- [YOUR GOAL]
Only the lines from the one containing "Single motorcycle /" through the end of the listing are to be repeated, exactly and without pictures.

- [DATA PROVIDED]
——————————
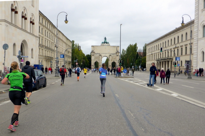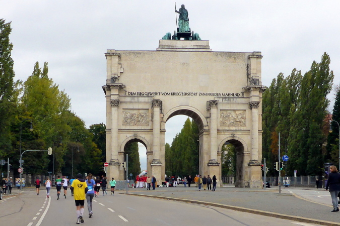 Wir umrunden nun das Propyläen und lassen damit einen weiteren Höhepunkt des München Marathons hinter uns. Vorbei am Lenbachhaus finden wir uns bald bei Kilometer 37 wieder und zurück auf der Ludwigstraße, einer der bedeutendsten Prachtstraßen Münchens. Die Bayerische Staatsbibliothek und die Pfarrkirche St. Ludwig prägen hier das Straßenbild. Vor ein paar Stunden hatte ich das Siegestor am Ende der Ludwigstraße ja schon mal gesehen, jetzt dürfen wir es auch endlich umlaufen. Wieder einmal war es Ludwig I., der den Auftrag für den Triumphbogen gab. Im zweiten Weltkrieg wurde das Siegestor schwer beschädigt und 1958 wieder aufgebaut. Seitdem trägt es auf der Rückseite den Schriftzug: Dem Sieg geweiht, vom Krieg zerstört, zum Frieden mahnend.
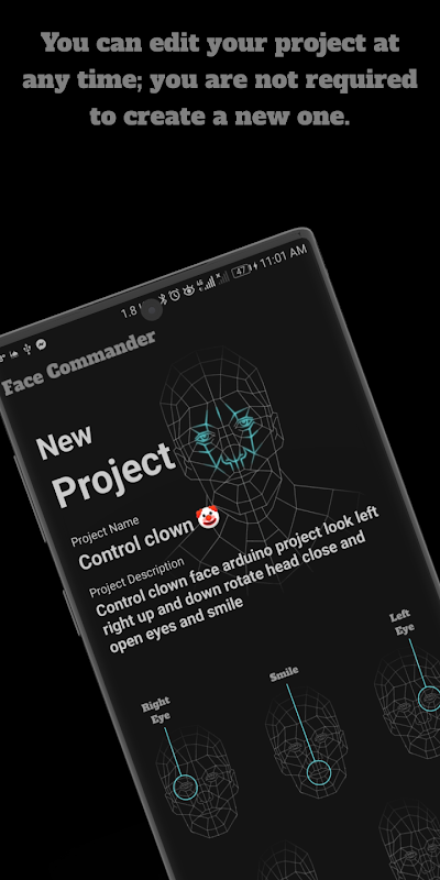 Face Commander Arduino i kontroler Bluetooth ESP32 pozwalają na zapisanie nieograniczonej liczby projektów oraz edycję lub usunięcie ich w dowolnym momencie.
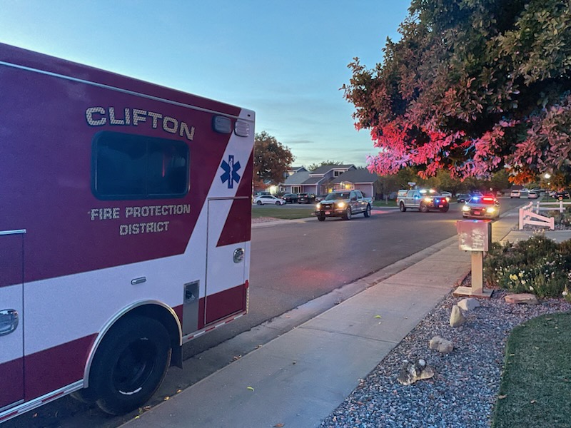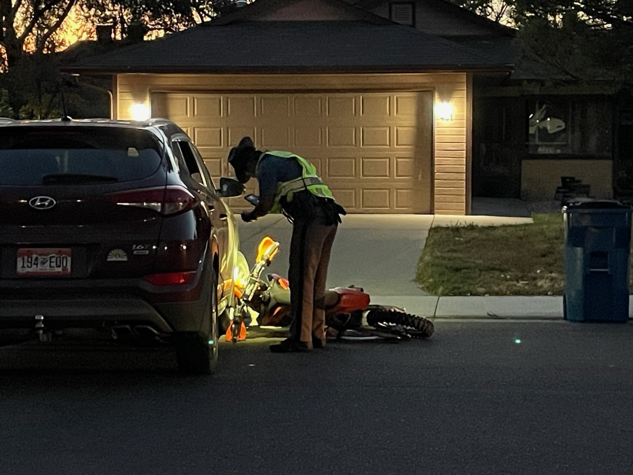 Single motorcycle / dirt bike crash into a vehicle on Green Acres Dr near E Rd and 32 1/8 Rd in Clifton. Rider is unconscious and medical crews are performing CPR.
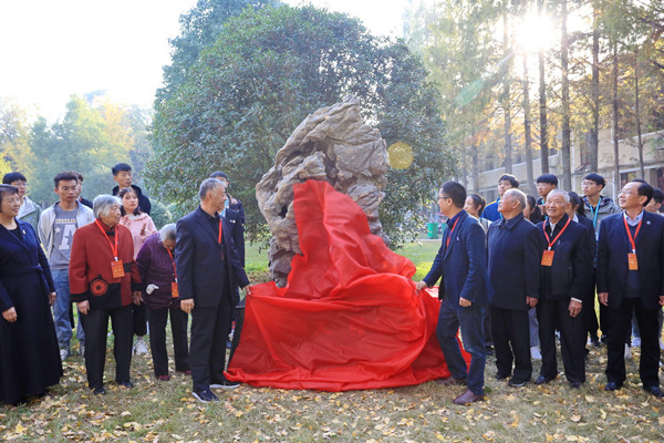 在一片热烈的掌声和欢呼声中,刘正和湖南隆平营销总监刘俊校友等为景观石揭幕。
——————————
- [SOLUTION TO THIS TASK]
 Single motorcycle / dirt bike crash into a vehicle on Green Acres Dr near E Rd and 32 1/8 Rd in Clifton. Rider is unconscious and medical crews are performing CPR.
 在一片热烈的掌声和欢呼声中,刘正和湖南隆平营销总监刘俊校友等为景观石揭幕。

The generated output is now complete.